I am supposed to find the vulnerability in the code and i feel its hidden either in the __attribute__((constructor)) or the pointer .Here i can make out that it's a void pointer but i have never encountered a pointer with () (wasnt able to find out either) so what type of a pointer is this and is the (void(*)()) in (void(*)())&name for type casting or something else?Also is does the attribute constructor here play any role it feels like an empty default constructor
#include <stdio.h>
#include <string.h>
//Ignore this thing
__attribute__((constructor))
void setup(){
setvbuf(stdout,NULL,2,0);
setvbuf(stderr,NULL,2,0);
setvbuf(stdin,NULL,2,0);
}
int main()
{
printf("What's you name?\n");
char name[100];
fgets(name,100,stdin);
void(*Kekpointer)() = (void(*)())&name;
Kekpointer();
return 0;
}
i tried analyzing these functions so i came to the conclusion that pointer , the fgets function or the attribute constructor but i am not able to proceed further . i also got this hint " for challenge , your goal is to get a shell.

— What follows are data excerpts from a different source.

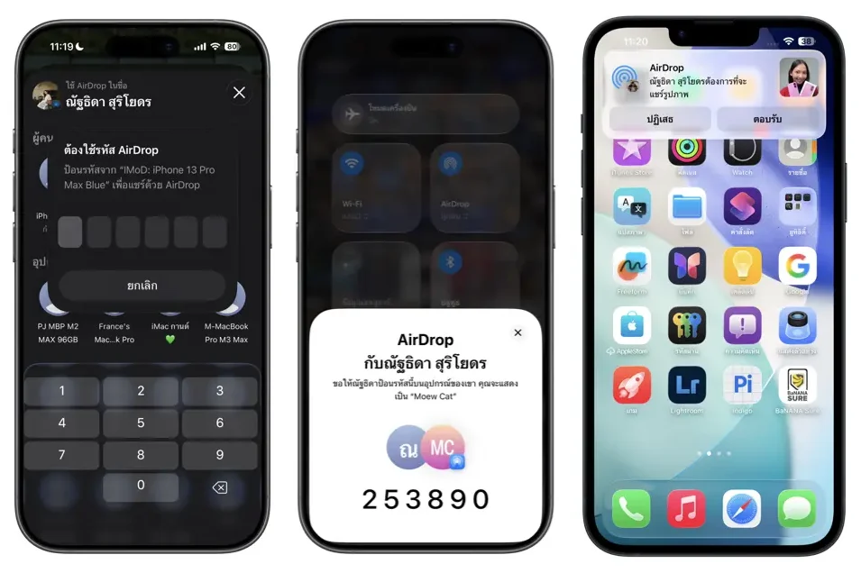 ก่อนหน้านี้ถ้าตั้งรับเป็น Everyone for 10 Minutes ทุกคนที่อยู่รอบ ๆ สามารถส่งอะไรมาที่เครื่องเราก็ได้ AirDrop Code บังคับให้ “ยืนยันด้วยรหัส” ก่อน ถึงจะส่งสำเร็จ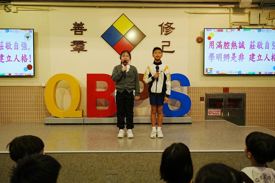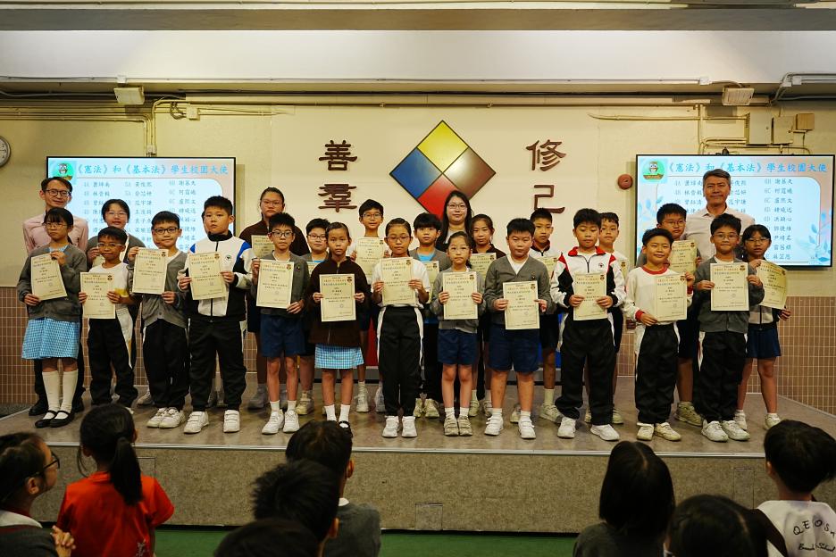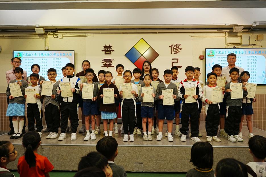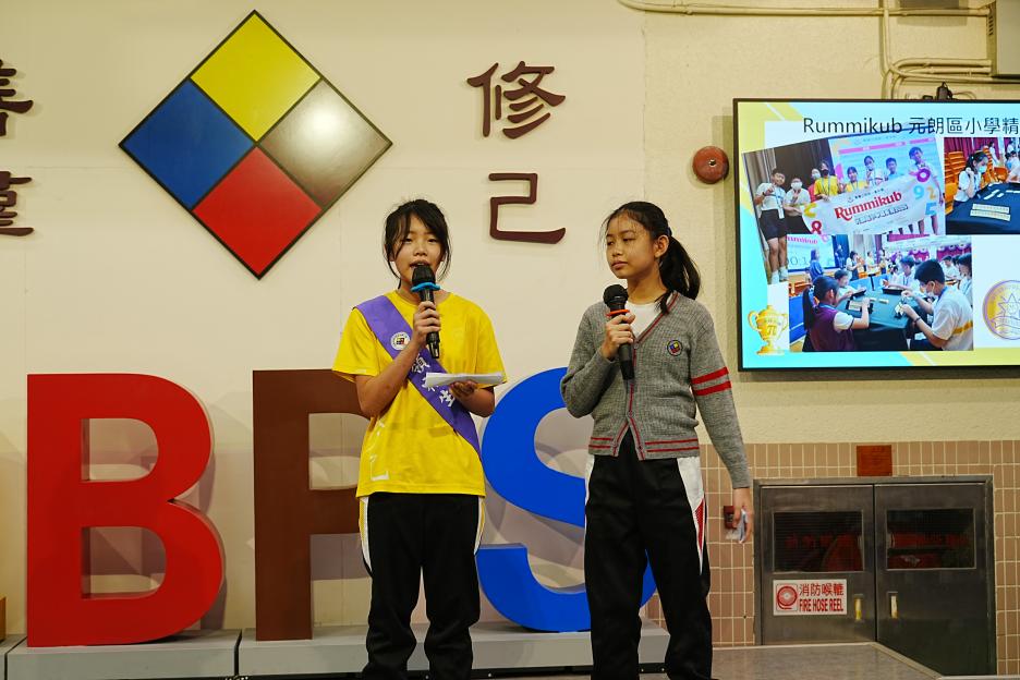 今天是普通話早會,首先頒發憲法和基本法學生校園大使計劃委任狀。然後是「Rummikub 元朗區小學精英賽 2025」的頒獎。最後是領袖生、便服日和伊Class計劃的宣傳。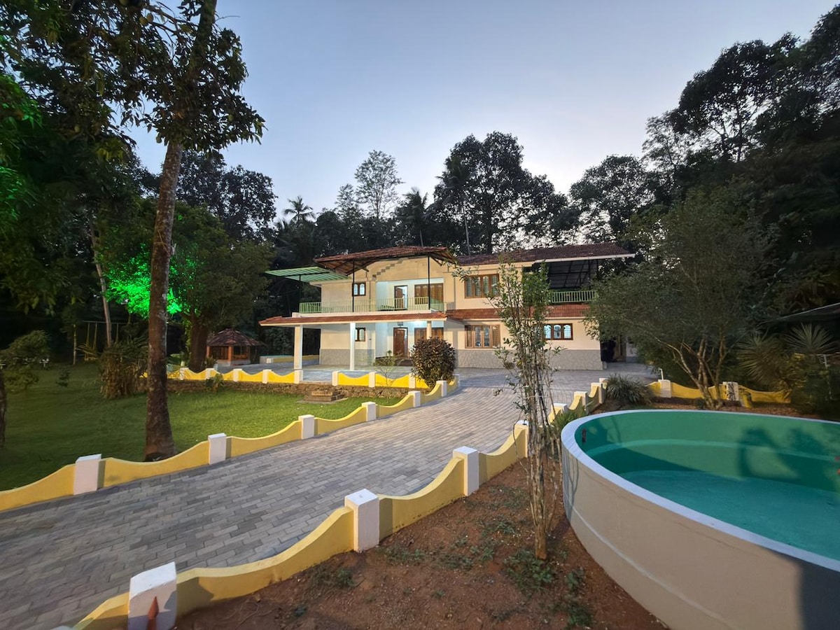 Din id-dar inbniet b' imħabba biex tirrifletti l-antenati tagħna Kerala Tharavadu - dar tradizzjonali tal-istil ta' wirt li tħallat l-arkitettura mingħajr żmien mas-sbuħija naturali. Madwar ħxejjex mimlija ħxejjex, kanali serji, irziezet tal-ananas vibranti u siġar tal-lastku, toffri post fejn toqgħod qalb in-natura. Siegħa u 20 minuta 'l bogħod mill-Ajruport Internazzjonali ta' Cochin Tista' tordna ikel minn Swiggy li jitwasslek fil-post. Hemm lukandi tajbin disponibbli 5 minuti 'l bogħod bil-karozza. 15-il minuta 'l bogħod minn Muvattupuzhya. 55 minuta 'l bogħod minn Infopark.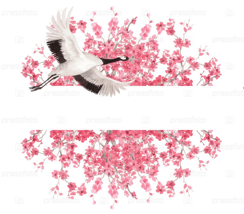 Баннер из вишневой ветви и японский кран. Иллюстрация акварели ручной работы. Для ткани, обоев, поздравительных открыток, дизайна, декора и иллюстрации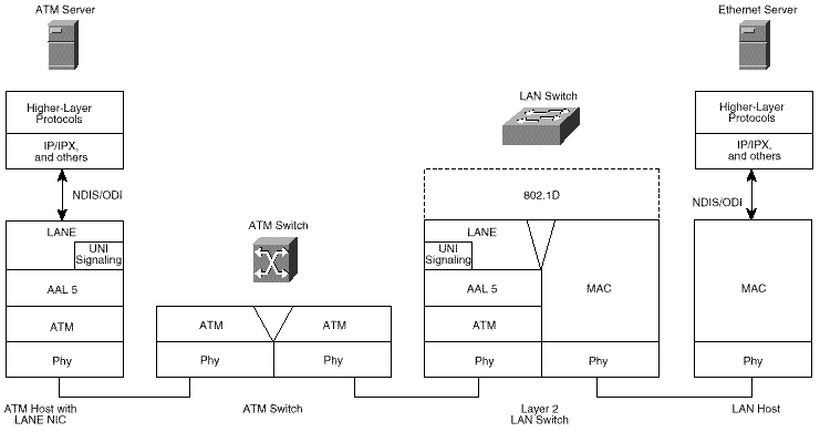 Läytettäessä LAN emulaatiota, perinteisessä lähiverkkoympäristössä pitää pystyä muodostamaan kolmenlaisia yhteyksiä: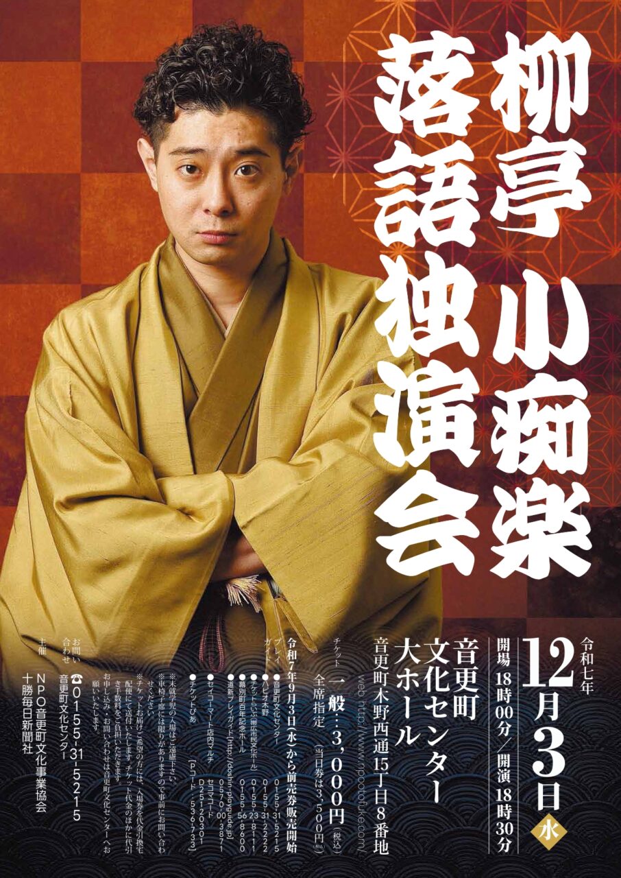 若手を代表する人気落語家「柳亭小痴楽(りゅうてい こちらく)」さんが音更に!1988年東京生まれ、16歳で落語会に入門。2019年に真打に昇進し、若手を代表する人気落語家として活躍されています。 そんな柳亭小痴楽さんの独演会が12月3日(水)音更町文化センターで行われます。中々聞くことができない、生の粋な江戸前落語をお楽しみください。チケットは前売り3,000円、当日3,500円で好評発売中です。(独演会の詳細は下記URLよりチェック!)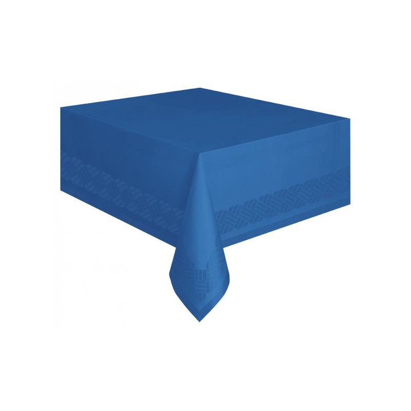 This tablecover is ideal for many occasions. Royal blue, made in absorbant paper surface and waterproof plastic in the back, preventing it to slip.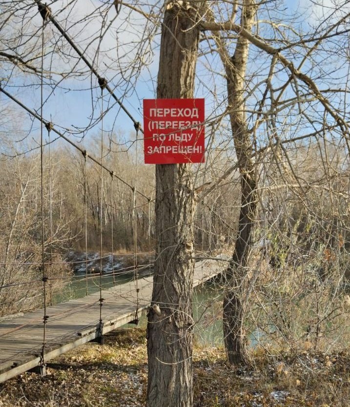 В целях обеспечения безопасности населения дежурная смена поисково-спасательного отряда МКУ «Управление по делам ГОЧС города Рубцовска» проверила сохранность информационных аншлагов «Переход (переезд) по льду запрещен» ранее установленных на реке Алей в черте города, а также наличие и толщину ледяного покрова (ледяной покров отсутствует).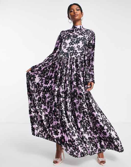 ASOS DESIGN – Hochgeschlossenes, plissiertes Maxikleid in Flieder mit Blumenmuster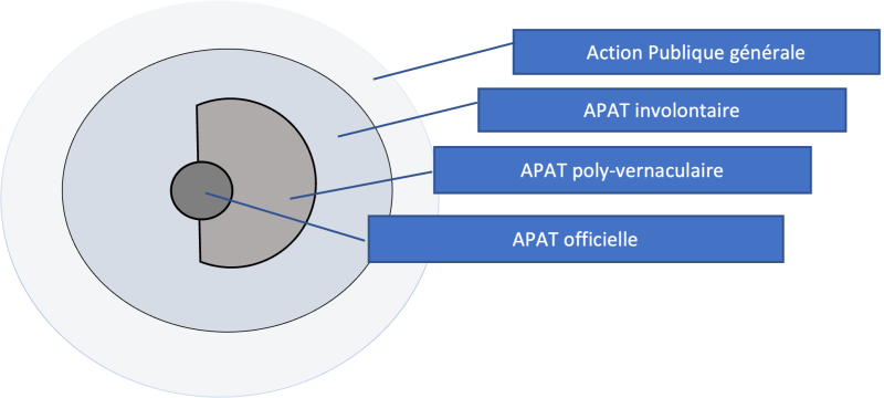 Comme on vient tout juste de le voir, l’APATOF, l’action publique officielle, monopolisée par quelques propriétaires étatiques (État, police de renseignement, justice spécialisée), n’a pas le monopole d’une action publique anti-terroriste efficace. Nous avons ainsi pu en découvrir deux autres types tout aussi importants qui sont malheureusement peu pris en compte dans l’analyse des politiques publiques antiterroristes. Il s’agit de l’APAT poly-vernaculaire (APATVER) et de l’APAT involontaire (APATINV). Ces acronymes n’ont pas d’autres fonctions qu’acronymiques : pour en faciliter l’appropriation par le lecteur, nous proposons le schéma ci-dessous.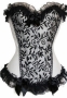 Bule Lace Up Print Front Flower Satin OverBust CORSETSKU: #QX1046-3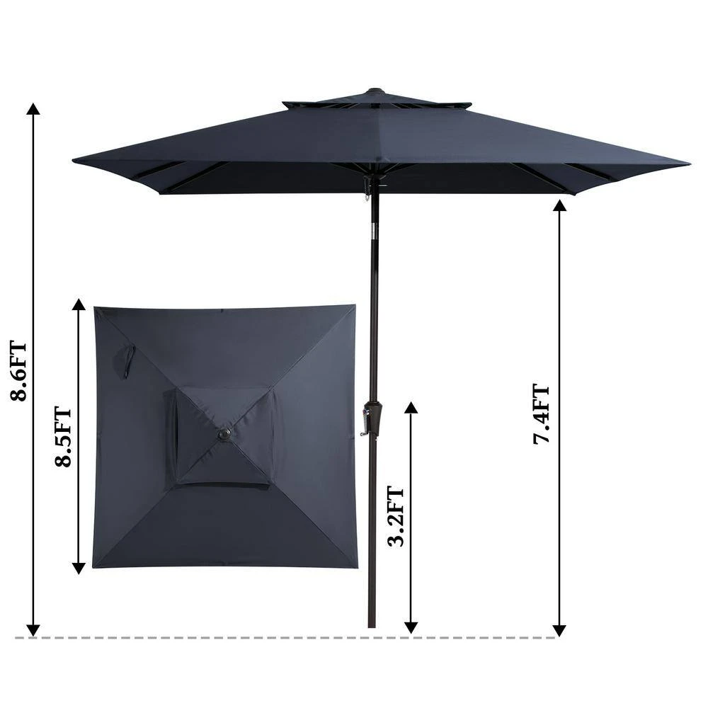 It is a great idea to add a parasol to your porch, garden, balcony, swimming pool, deck. Practical design with 2-tier vented top which is conducive to air circulation and reducing sultry. The 8.5 ft. x 8.5 ft. square market umbrella is better arranged. The tilt summary is not too high so that you can easily touch and use it. When you are not using it, you can easily close it with a strap. NOTE: The item is not contained base.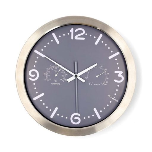 Nedis CLWA5226SS falióra, 30 cm átmérő, rozsdamentes acél, csendes szerkezet: óra, hőmérő, páratartamom mérő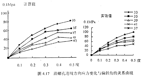角向位移與軸向位移之力學(xué)模型的區(qū)別是角向位移時(shí)螺孔處各點(diǎn)的位移量是不相等的,也屬于幾何非線性問(wèn)題,由圖可知,計(jì)算值與實(shí)驗(yàn)值是符合的,隨角向位移的增大應(yīng)力非線性增大。

Flag is stored on the remote server. Read the source code carefully and try to find out the vulnerability. This is a beginner level challenge !". but it didnt guide me anywhere. I am expecting more info on the pointer expecially
On any modern hosted system this code is 100% safe. Memory allocated for name will not have executable attributes and any attempt to execute code from there will end in an exception.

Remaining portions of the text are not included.